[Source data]
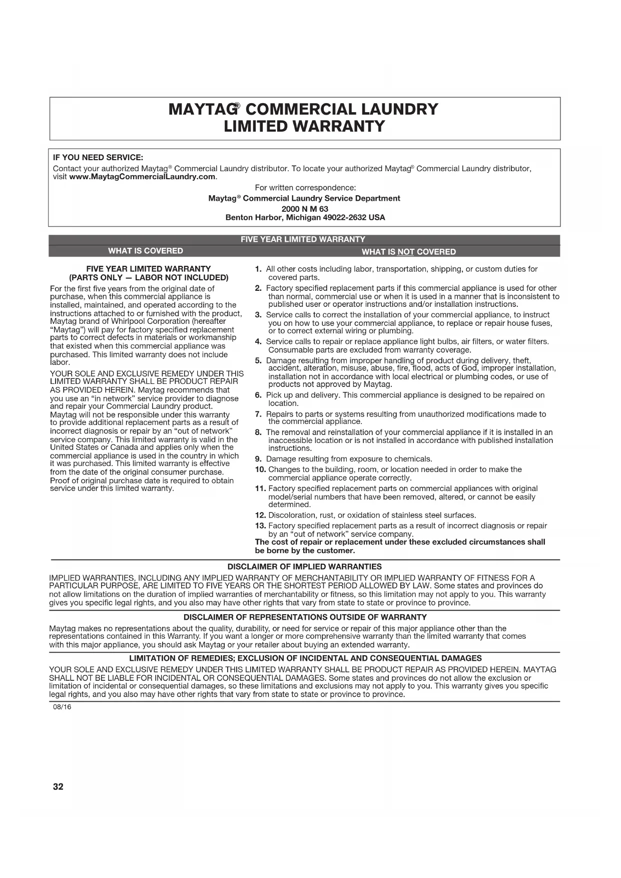 LE CADRE DE LA PRÉSENTE GARANTIE LIMITÉE CONSISTE EN LA RÉPARATION PRÉVUE CI-DESSUS. Maytag recommande que l’utilisateur emploie les services d’un dépanneur “intra-réseau” pour diagnostiquer la panne et réparer le produit de buanderie à usage commercial concerné. Dans le cadre de la présente garantie, Maytag ne sera pas responsable de l’octroi de pièces de rechange supplémentaires suite à un diagnostic erroné ou à une réparation effectuée par un dépanneur “hors réseau”. Cette garantie limitée est valide aux États-Unis ou au Canada et s’applique exclusivement lorsque l’appareil commercial est utilisé dans le pays où il a été acheté. La présente garantie limitée est valable à compter de la date d’achat initial par le consommateur. Une preuve de la date d’achat initial est exigée pour obtenir un dépannage dans le cadre de la présente garantie limitée. CLAUSE D’EXONÉRATION DE RESPONSABILITÉ AU TITRE DES GARANTIES IMPLICITES LES GARANTIES IMPLICITES, Y COMPRIS LES GARANTIES IMPLICITES DE QUALITÉ MARCHANDE OU D’APTITUDE À UN USAGE PARTICULIER, SONT LIMITÉES À CINQ ANS OU À LA PLUS COURTE PÉRIODE AUTORISÉE PAR LA LOI. Certains États et certaines provinces ne permettent pas de limitation sur la durée des garanties implicites, de qualité marchande ou d’aptitude à un usage particulier, de sorte que la limitation ci-dessus peut ne pas être applicable dans votre cas. Cette garantie vous confère des droits juridiques spécifiques et vous pouvez également jouir d’autres droits qui peuvent varier d’une juridiction à l’autre. LIMITATION DES RECOURS; EXCLUSION DES DOMMAGES FORTUITS OU INDIRECTS VOTRE SEUL ET EXCLUSIF RECOURS DANS LE CADRE DE LA PRÉSENTE GARANTIE LIMITÉE CONSISTE EN LA RÉPARATION PRÉVUE CI-DESSUS. MAYTAG NE SERA PAS TENUE RESPONSABLE DES DOMMAGES DIRECTS OU INDIRECTS. Certains États et certaines provinces ne permettent pas l’exclusion ou la limitation des dommages fortuits ou indirects de sorte que ces limitations et exclusions peuvent ne pas être applicables dans votre cas. Cette garantie vous confère des droits juridiques spécifiques et vous pouvez également jouir d’autres droits qui peuvent varier d’une juridiction à l’autre. EXONÉRATION DE RESPONSABILITÉ DANS LES DOMAINES NON COUVERTS PAR LA GARANTIE Maytag décline toute responsabilité au titre de la qualité, de la durabilité ou en cas de dépannage ou de réparation nécessaire sur cet appareil ménager autre que les responsabilités énoncées dans la présente garantie. Si vous souhaitez une garantie plus étendue ou plus complète que la garantie limitée fournie avec ce gros appareil ménager, adressez-vous à Maytag ou à votre détaillant pour obtenir les modalités d’achat d’une garantie étendue. 08/16 SI VOUS AVEZ BESOIN DE SERVICE : Communiquer avec votre distributeur de produits de buanderie commerciaux Maytag
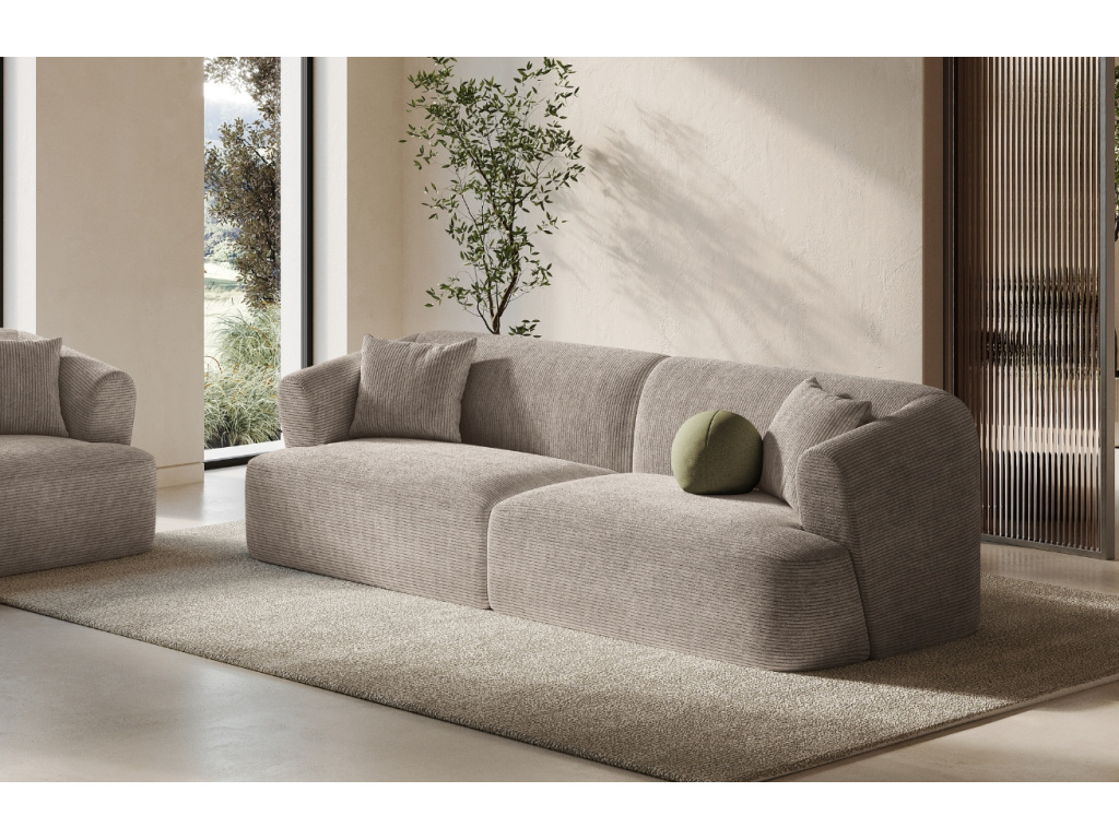 Pohovka Campi od značky Cosmopolitan Design je ztělesněním moderní elegance. Její nízký profil, výrazné zaoblené tvary a velkorysé sedáky vytvářejí dojem klidu, luxusu a sebevědomého designu. O vaše maximální pohodlí se postará manšestrová látka Lincoln – látka s jemným žebrovaným vzorem, sametově měkkým omakem a příjemnou hřejivostí, která láká k posezení. Pohovka je dostupná v pestré paletě barev – od jemných neutrálních tónů až po syté, výrazné odstíny. Díky tomu si snadno vyberete variantu, která dokonale ladí s vaším stylem i náladou interiéru. Campi je dokonalým spojením moderního vzhledu a každodenního pohodlí – pro interiér, který má styl i duši.
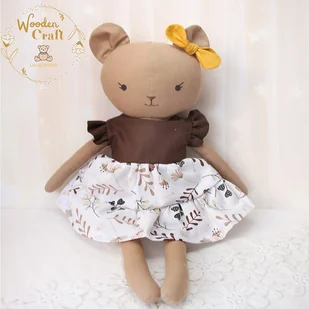 Przeurocza przytulanka, miś, a właściwie misia w kolorze ciemnego beżu, uszyta ręcznie z najwyższą starannością, ubrana w uroczą sukieneczkę z falbankami w kolorze brązu z motywem kwiatowym, z musztardową ...
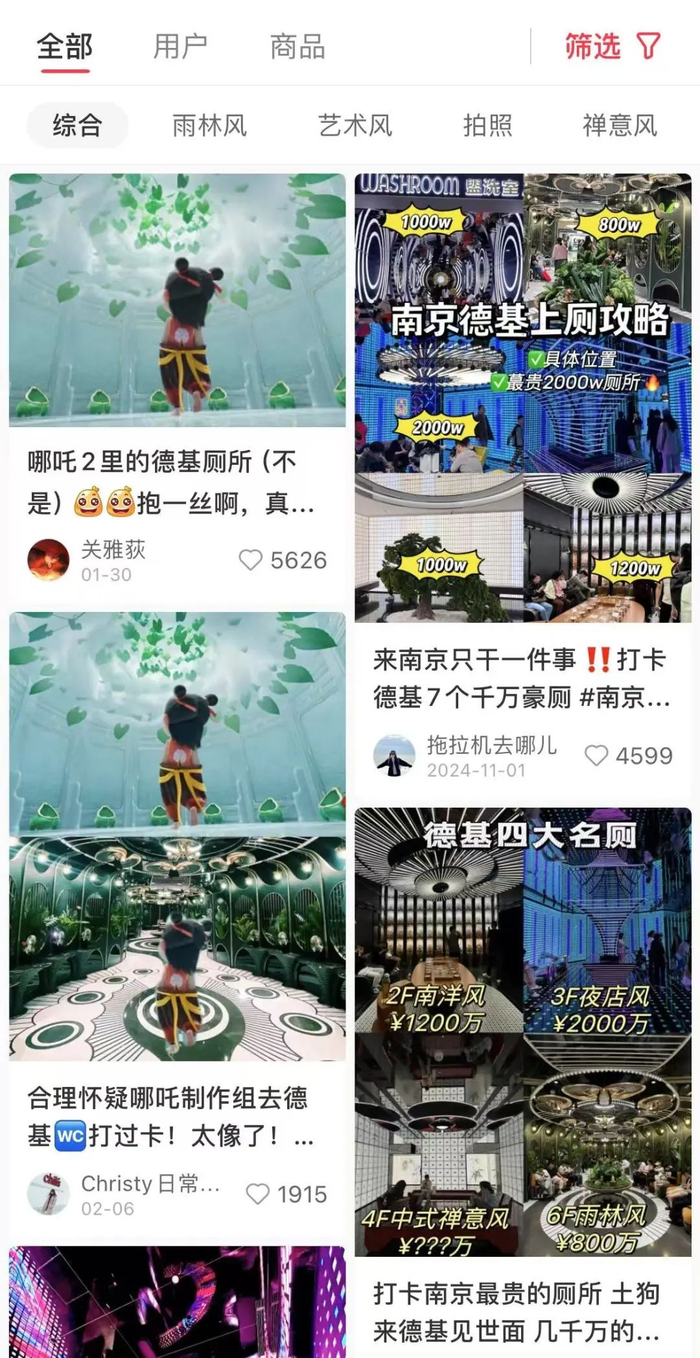 南京德基广场,因其造价千万的网红厕所频繁出现在小红书、抖音和微博等社交平台上被大众熟知。商场内的八大「名厕」也被网友戏称为南京的「必去 5A 景点」之一。
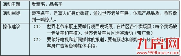 名车试驾,与媒体、汽车销售商联和运作,开发商提供赞助和场所,媒体负责宣传推广。
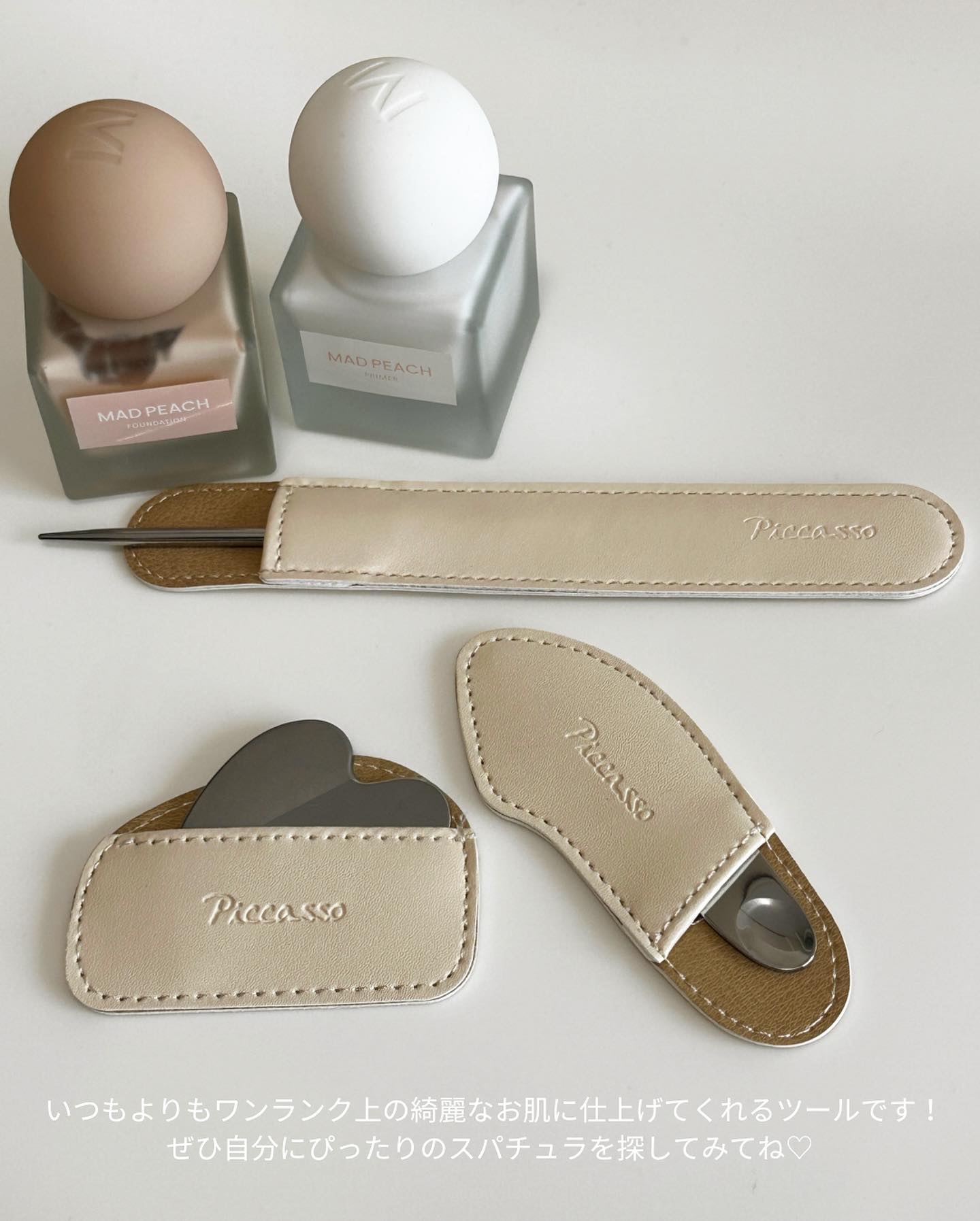 - 薄いレイヤーリングと極強の密着を誇る プロアーティストの道具、メイクアップスパチュラで ベース製品を塗布した後、スポンジを活用した 手軽な仕上がりまで体験してみてください。 ⠀ 持続力と密着力ともに高く、 手軽な使い方と衛生管理で 誰でも簡単に、理想的なベースメイクを完成 ⠀ 薄くて滑らかなベース作りの簡単なツール ピカソメイクスパチュラ

#### EXERCISE REQUIREMENTS:
Repeat the records above word for word, keeping no pictures in the copy.

#### ANSWER SPACE:
 LE CADRE DE LA PRÉSENTE GARANTIE LIMITÉE CONSISTE EN LA RÉPARATION PRÉVUE CI-DESSUS. Maytag recommande que l’utilisateur emploie les services d’un dépanneur “intra-réseau” pour diagnostiquer la panne et réparer le produit de buanderie à usage commercial concerné. Dans le cadre de la présente garantie, Maytag ne sera pas responsable de l’octroi de pièces de rechange supplémentaires suite à un diagnostic erroné ou à une réparation effectuée par un dépanneur “hors réseau”. Cette garantie limitée est valide aux États-Unis ou au Canada et s’applique exclusivement lorsque l’appareil commercial est utilisé dans le pays où il a été acheté. La présente garantie limitée est valable à compter de la date d’achat initial par le consommateur. Une preuve de la date d’achat initial est exigée pour obtenir un dépannage dans le cadre de la présente garantie limitée. CLAUSE D’EXONÉRATION DE RESPONSABILITÉ AU TITRE DES GARANTIES IMPLICITES LES GARANTIES IMPLICITES, Y COMPRIS LES GARANTIES IMPLICITES DE QUALITÉ MARCHANDE OU D’APTITUDE À UN USAGE PARTICULIER, SONT LIMITÉES À CINQ ANS OU À LA PLUS COURTE PÉRIODE AUTORISÉE PAR LA LOI. Certains États et certaines provinces ne permettent pas de limitation sur la durée des garanties implicites, de qualité marchande ou d’aptitude à un usage particulier, de sorte que la limitation ci-dessus peut ne pas être applicable dans votre cas. Cette garantie vous confère des droits juridiques spécifiques et vous pouvez également jouir d’autres droits qui peuvent varier d’une juridiction à l’autre. LIMITATION DES RECOURS; EXCLUSION DES DOMMAGES FORTUITS OU INDIRECTS VOTRE SEUL ET EXCLUSIF RECOURS DANS LE CADRE DE LA PRÉSENTE GARANTIE LIMITÉE CONSISTE EN LA RÉPARATION PRÉVUE CI-DESSUS. MAYTAG NE SERA PAS TENUE RESPONSABLE DES DOMMAGES DIRECTS OU INDIRECTS. Certains États et certaines provinces ne permettent pas l’exclusion ou la limitation des dommages fortuits ou indirects de sorte que ces limitations et exclusions peuvent ne pas être applicables dans votre cas. Cette garantie vous confère des droits juridiques spécifiques et vous pouvez également jouir d’autres droits qui peuvent varier d’une juridiction à l’autre. EXONÉRATION DE RESPONSABILITÉ DANS LES DOMAINES NON COUVERTS PAR LA GARANTIE Maytag décline toute responsabilité au titre de la qualité, de la durabilité ou en cas de dépannage ou de réparation nécessaire sur cet appareil ménager autre que les responsabilités énoncées dans la présente garantie. Si vous souhaitez une garantie plus étendue ou plus complète que la garantie limitée fournie avec ce gros appareil ménager, adressez-vous à Maytag ou à votre détaillant pour obtenir les modalités d’achat d’une garantie étendue. 08/16 SI VOUS AVEZ BESOIN DE SERVICE : Communiquer avec votre distributeur de produits de buanderie commerciaux Maytag
 Pohovka Campi od značky Cosmopolitan Design je ztělesněním moderní elegance. Její nízký profil, výrazné zaoblené tvary a velkorysé sedáky vytvářejí dojem klidu, luxusu a sebevědomého designu. O vaše maximální pohodlí se postará manšestrová látka Lincoln – látka s jemným žebrovaným vzorem, sametově měkkým omakem a příjemnou hřejivostí, která láká k posezení. Pohovka je dostupná v pestré paletě barev – od jemných neutrálních tónů až po syté, výrazné odstíny. Díky tomu si snadno vyberete variantu, která dokonale ladí s vaším stylem i náladou interiéru. Campi je dokonalým spojením moderního vzhledu a každodenního pohodlí – pro interiér, který má styl i duši.
 Przeurocza przytulanka, miś, a właściwie misia w kolorze ciemnego beżu, uszyta ręcznie z najwyższą starannością, ubrana w uroczą sukieneczkę z falbankami w kolorze brązu z motywem kwiatowym, z musztardową ...
 南京德基广场,因其造价千万的网红厕所频繁出现在小红书、抖音和微博等社交平台上被大众熟知。商场内的八大「名厕」也被网友戏称为南京的「必去 5A 景点」之一。
 名车试驾,与媒体、汽车销售商联和运作,开发商提供赞助和场所,媒体负责宣传推广。
 - 薄いレイヤーリングと極強の密着を誇る プロアーティストの道具、メイクアップスパチュラで ベース製品を塗布した後、スポンジを活用した 手軽な仕上がりまで体験してみてください。 ⠀ 持続力と密着力ともに高く、 手軽な使い方と衛生管理で 誰でも簡単に、理想的なベースメイクを完成 ⠀ 薄くて滑らかなベース作りの簡単なツール ピカソメイクスパチュラ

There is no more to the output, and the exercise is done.